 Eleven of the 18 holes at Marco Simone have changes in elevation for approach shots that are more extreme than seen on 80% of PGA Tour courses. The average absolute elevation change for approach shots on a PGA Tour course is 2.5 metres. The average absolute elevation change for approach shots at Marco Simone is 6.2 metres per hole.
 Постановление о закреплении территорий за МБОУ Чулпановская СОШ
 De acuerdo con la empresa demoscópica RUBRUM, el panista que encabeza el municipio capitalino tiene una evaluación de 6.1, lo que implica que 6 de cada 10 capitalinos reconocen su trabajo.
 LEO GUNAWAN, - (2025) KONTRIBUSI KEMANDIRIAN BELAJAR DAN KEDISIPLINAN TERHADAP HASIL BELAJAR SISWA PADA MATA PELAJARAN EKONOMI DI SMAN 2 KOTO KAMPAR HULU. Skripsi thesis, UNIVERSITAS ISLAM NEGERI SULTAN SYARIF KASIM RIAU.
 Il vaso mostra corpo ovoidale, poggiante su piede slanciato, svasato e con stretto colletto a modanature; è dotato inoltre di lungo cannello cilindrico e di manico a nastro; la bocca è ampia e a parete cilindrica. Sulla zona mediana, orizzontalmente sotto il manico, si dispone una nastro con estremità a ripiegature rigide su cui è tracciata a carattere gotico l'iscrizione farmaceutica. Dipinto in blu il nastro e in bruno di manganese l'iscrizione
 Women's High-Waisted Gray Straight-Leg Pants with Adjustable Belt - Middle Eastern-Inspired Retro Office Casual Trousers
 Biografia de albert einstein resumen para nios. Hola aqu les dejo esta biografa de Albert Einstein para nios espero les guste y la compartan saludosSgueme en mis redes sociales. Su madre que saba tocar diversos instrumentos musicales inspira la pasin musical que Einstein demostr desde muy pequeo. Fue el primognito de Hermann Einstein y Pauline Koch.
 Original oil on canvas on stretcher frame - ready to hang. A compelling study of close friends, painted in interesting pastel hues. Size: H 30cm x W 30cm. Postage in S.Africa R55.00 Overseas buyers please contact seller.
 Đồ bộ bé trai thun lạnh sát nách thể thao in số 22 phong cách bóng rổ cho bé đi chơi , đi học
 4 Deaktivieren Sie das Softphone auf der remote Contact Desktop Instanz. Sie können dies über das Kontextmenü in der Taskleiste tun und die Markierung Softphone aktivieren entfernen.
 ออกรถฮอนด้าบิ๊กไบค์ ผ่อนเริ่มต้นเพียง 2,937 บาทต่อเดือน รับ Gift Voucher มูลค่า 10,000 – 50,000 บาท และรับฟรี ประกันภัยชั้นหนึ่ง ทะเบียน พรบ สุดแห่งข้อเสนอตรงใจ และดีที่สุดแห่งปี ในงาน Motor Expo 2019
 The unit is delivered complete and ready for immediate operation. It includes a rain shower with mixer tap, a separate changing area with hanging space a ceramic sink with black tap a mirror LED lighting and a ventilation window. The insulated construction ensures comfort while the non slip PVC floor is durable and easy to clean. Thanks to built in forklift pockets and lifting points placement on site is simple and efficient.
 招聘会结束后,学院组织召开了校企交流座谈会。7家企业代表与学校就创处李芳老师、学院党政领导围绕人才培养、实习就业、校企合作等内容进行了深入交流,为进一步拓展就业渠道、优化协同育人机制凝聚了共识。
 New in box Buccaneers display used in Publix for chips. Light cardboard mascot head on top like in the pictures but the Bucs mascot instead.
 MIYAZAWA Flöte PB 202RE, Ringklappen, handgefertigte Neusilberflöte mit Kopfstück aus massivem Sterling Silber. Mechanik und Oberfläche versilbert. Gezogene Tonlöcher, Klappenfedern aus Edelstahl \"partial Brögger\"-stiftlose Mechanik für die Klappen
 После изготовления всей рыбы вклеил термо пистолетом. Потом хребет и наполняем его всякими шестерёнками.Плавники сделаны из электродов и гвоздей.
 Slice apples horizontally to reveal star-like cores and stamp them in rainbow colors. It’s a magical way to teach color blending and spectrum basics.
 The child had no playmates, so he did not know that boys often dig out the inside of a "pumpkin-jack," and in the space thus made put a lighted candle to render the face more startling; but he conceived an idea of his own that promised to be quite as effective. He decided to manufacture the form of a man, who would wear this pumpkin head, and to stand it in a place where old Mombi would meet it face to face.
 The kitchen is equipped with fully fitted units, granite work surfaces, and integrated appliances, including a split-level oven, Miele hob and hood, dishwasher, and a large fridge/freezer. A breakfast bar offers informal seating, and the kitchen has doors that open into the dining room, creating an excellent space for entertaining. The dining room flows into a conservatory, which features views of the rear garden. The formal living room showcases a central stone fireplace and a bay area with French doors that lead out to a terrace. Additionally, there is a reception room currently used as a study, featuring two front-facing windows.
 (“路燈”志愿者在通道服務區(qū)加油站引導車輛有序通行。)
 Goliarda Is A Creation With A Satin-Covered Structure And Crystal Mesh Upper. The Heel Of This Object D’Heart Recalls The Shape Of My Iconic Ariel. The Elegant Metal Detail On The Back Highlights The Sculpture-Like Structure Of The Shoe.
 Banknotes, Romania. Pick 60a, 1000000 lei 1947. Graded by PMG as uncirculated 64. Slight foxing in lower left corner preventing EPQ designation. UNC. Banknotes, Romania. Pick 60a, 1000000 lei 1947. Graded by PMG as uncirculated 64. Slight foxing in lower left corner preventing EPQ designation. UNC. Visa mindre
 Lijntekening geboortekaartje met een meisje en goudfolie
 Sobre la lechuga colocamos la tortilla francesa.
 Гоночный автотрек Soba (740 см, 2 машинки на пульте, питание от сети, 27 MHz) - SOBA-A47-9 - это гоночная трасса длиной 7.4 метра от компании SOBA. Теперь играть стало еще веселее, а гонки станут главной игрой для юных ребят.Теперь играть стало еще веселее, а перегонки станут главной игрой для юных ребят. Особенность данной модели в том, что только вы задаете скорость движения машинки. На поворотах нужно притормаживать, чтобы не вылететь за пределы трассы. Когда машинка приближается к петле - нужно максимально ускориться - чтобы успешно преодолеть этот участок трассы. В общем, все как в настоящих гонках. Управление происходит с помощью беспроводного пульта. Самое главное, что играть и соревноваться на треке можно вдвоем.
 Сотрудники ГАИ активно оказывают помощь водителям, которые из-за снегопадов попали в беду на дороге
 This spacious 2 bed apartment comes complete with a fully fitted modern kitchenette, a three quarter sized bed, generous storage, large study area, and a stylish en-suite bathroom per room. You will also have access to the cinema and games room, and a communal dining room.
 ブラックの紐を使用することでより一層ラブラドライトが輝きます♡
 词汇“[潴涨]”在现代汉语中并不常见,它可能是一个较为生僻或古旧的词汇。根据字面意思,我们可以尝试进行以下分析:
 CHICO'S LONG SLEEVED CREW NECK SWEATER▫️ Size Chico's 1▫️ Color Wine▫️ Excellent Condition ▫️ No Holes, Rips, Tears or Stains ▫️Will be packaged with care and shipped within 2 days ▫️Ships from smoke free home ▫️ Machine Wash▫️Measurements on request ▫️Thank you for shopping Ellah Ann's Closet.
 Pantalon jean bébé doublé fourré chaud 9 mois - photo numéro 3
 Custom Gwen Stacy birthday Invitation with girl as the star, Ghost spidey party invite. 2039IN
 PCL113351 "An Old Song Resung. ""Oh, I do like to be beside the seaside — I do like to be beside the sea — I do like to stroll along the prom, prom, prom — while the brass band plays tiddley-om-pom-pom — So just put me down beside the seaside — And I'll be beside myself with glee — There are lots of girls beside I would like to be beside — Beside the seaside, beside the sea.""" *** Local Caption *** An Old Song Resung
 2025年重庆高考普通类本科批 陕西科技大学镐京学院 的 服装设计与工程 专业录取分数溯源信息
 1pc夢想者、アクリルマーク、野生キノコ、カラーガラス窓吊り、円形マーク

----

Goal of the exercise:
Repeat back the data above, exact to the last character.

Task answer:
 Eleven of the 18 holes at Marco Simone have changes in elevation for approach shots that are more extreme than seen on 80% of PGA Tour courses. The average absolute elevation change for approach shots on a PGA Tour course is 2.5 metres. The average absolute elevation change for approach shots at Marco Simone is 6.2 metres per hole.
 Постановление о закреплении территорий за МБОУ Чулпановская СОШ
 De acuerdo con la empresa demoscópica RUBRUM, el panista que encabeza el municipio capitalino tiene una evaluación de 6.1, lo que implica que 6 de cada 10 capitalinos reconocen su trabajo.
 LEO GUNAWAN, - (2025) KONTRIBUSI KEMANDIRIAN BELAJAR DAN KEDISIPLINAN TERHADAP HASIL BELAJAR SISWA PADA MATA PELAJARAN EKONOMI DI SMAN 2 KOTO KAMPAR HULU. Skripsi thesis, UNIVERSITAS ISLAM NEGERI SULTAN SYARIF KASIM RIAU.
 Il vaso mostra corpo ovoidale, poggiante su piede slanciato, svasato e con stretto colletto a modanature; è dotato inoltre di lungo cannello cilindrico e di manico a nastro; la bocca è ampia e a parete cilindrica. Sulla zona mediana, orizzontalmente sotto il manico, si dispone una nastro con estremità a ripiegature rigide su cui è tracciata a carattere gotico l'iscrizione farmaceutica. Dipinto in blu il nastro e in bruno di manganese l'iscrizione
 Women's High-Waisted Gray Straight-Leg Pants with Adjustable Belt - Middle Eastern-Inspired Retro Office Casual Trousers
 Biografia de albert einstein resumen para nios. Hola aqu les dejo esta biografa de Albert Einstein para nios espero les guste y la compartan saludosSgueme en mis redes sociales. Su madre que saba tocar diversos instrumentos musicales inspira la pasin musical que Einstein demostr desde muy pequeo. Fue el primognito de Hermann Einstein y Pauline Koch.
 Original oil on canvas on stretcher frame - ready to hang. A compelling study of close friends, painted in interesting pastel hues. Size: H 30cm x W 30cm. Postage in S.Africa R55.00 Overseas buyers please contact seller.
 Đồ bộ bé trai thun lạnh sát nách thể thao in số 22 phong cách bóng rổ cho bé đi chơi , đi học
 4 Deaktivieren Sie das Softphone auf der remote Contact Desktop Instanz. Sie können dies über das Kontextmenü in der Taskleiste tun und die Markierung Softphone aktivieren entfernen.
 ออกรถฮอนด้าบิ๊กไบค์ ผ่อนเริ่มต้นเพียง 2,937 บาทต่อเดือน รับ Gift Voucher มูลค่า 10,000 – 50,000 บาท และรับฟรี ประกันภัยชั้นหนึ่ง ทะเบียน พรบ สุดแห่งข้อเสนอตรงใจ และดีที่สุดแห่งปี ในงาน Motor Expo 2019
 The unit is delivered complete and ready for immediate operation. It includes a rain shower with mixer tap, a separate changing area with hanging space a ceramic sink with black tap a mirror LED lighting and a ventilation window. The insulated construction ensures comfort while the non slip PVC floor is durable and easy to clean. Thanks to built in forklift pockets and lifting points placement on site is simple and efficient.
 招聘会结束后,学院组织召开了校企交流座谈会。7家企业代表与学校就创处李芳老师、学院党政领导围绕人才培养、实习就业、校企合作等内容进行了深入交流,为进一步拓展就业渠道、优化协同育人机制凝聚了共识。
 New in box Buccaneers display used in Publix for chips. Light cardboard mascot head on top like in the pictures but the Bucs mascot instead.
 MIYAZAWA Flöte PB 202RE, Ringklappen, handgefertigte Neusilberflöte mit Kopfstück aus massivem Sterling Silber. Mechanik und Oberfläche versilbert. Gezogene Tonlöcher, Klappenfedern aus Edelstahl \"partial Brögger\"-stiftlose Mechanik für die Klappen
 После изготовления всей рыбы вклеил термо пистолетом. Потом хребет и наполняем его всякими шестерёнками.Плавники сделаны из электродов и гвоздей.
 Slice apples horizontally to reveal star-like cores and stamp them in rainbow colors. It’s a magical way to teach color blending and spectrum basics.
 The child had no playmates, so he did not know that boys often dig out the inside of a "pumpkin-jack," and in the space thus made put a lighted candle to render the face more startling; but he conceived an idea of his own that promised to be quite as effective. He decided to manufacture the form of a man, who would wear this pumpkin head, and to stand it in a place where old Mombi would meet it face to face.
 The kitchen is equipped with fully fitted units, granite work surfaces, and integrated appliances, including a split-level oven, Miele hob and hood, dishwasher, and a large fridge/freezer. A breakfast bar offers informal seating, and the kitchen has doors that open into the dining room, creating an excellent space for entertaining. The dining room flows into a conservatory, which features views of the rear garden. The formal living room showcases a central stone fireplace and a bay area with French doors that lead out to a terrace. Additionally, there is a reception room currently used as a study, featuring two front-facing windows.
 (“路燈”志愿者在通道服務區(qū)加油站引導車輛有序通行。)
 Goliarda Is A Creation With A Satin-Covered Structure And Crystal Mesh Upper. The Heel Of This Object D’Heart Recalls The Shape Of My Iconic Ariel. The Elegant Metal Detail On The Back Highlights The Sculpture-Like Structure Of The Shoe.
 Banknotes, Romania. Pick 60a, 1000000 lei 1947. Graded by PMG as uncirculated 64. Slight foxing in lower left corner preventing EPQ designation. UNC. Banknotes, Romania. Pick 60a, 1000000 lei 1947. Graded by PMG as uncirculated 64. Slight foxing in lower left corner preventing EPQ designation. UNC. Visa mindre
 Lijntekening geboortekaartje met een meisje en goudfolie
 Sobre la lechuga colocamos la tortilla francesa.
 Гоночный автотрек Soba (740 см, 2 машинки на пульте, питание от сети, 27 MHz) - SOBA-A47-9 - это гоночная трасса длиной 7.4 метра от компании SOBA. Теперь играть стало еще веселее, а гонки станут главной игрой для юных ребят.Теперь играть стало еще веселее, а перегонки станут главной игрой для юных ребят. Особенность данной модели в том, что только вы задаете скорость движения машинки. На поворотах нужно притормаживать, чтобы не вылететь за пределы трассы. Когда машинка приближается к петле - нужно максимально ускориться - чтобы успешно преодолеть этот участок трассы. В общем, все как в настоящих гонках. Управление происходит с помощью беспроводного пульта. Самое главное, что играть и соревноваться на треке можно вдвоем.
 Сотрудники ГАИ активно оказывают помощь водителям, которые из-за снегопадов попали в беду на дороге
 This spacious 2 bed apartment comes complete with a fully fitted modern kitchenette, a three quarter sized bed, generous storage, large study area, and a stylish en-suite bathroom per room. You will also have access to the cinema and games room, and a communal dining room.
 ブラックの紐を使用することでより一層ラブラドライトが輝きます♡
 词汇“[潴涨]”在现代汉语中并不常见,它可能是一个较为生僻或古旧的词汇。根据字面意思,我们可以尝试进行以下分析:
 CHICO'S LONG SLEEVED CREW NECK SWEATER▫️ Size Chico's 1▫️ Color Wine▫️ Excellent Condition ▫️ No Holes, Rips, Tears or Stains ▫️Will be packaged with care and shipped within 2 days ▫️Ships from smoke free home ▫️ Machine Wash▫️Measurements on request ▫️Thank you for shopping Ellah Ann's Closet.
 Pantalon jean bébé doublé fourré chaud 9 mois - photo numéro 3
 Custom Gwen Stacy birthday Invitation with girl as the star, Ghost spidey party invite. 2039IN
 PCL113351 "An Old Song Resung. ""Oh, I do like to be beside the seaside — I do like to be beside the sea — I do like to stroll along the prom, prom, prom — while the brass band plays tiddley-om-pom-pom — So just put me down beside the seaside — And I'll be beside myself with glee — There are lots of girls beside I would like to be beside — Beside the seaside, beside the sea.""" *** Local Caption *** An Old Song Resung
 2025年重庆高考普通类本科批 陕西科技大学镐京学院 的 服装设计与工程 专业录取分数溯源信息
 1pc夢想者、アクリルマーク、野生キノコ、カラーガラス窓吊り、円形マーク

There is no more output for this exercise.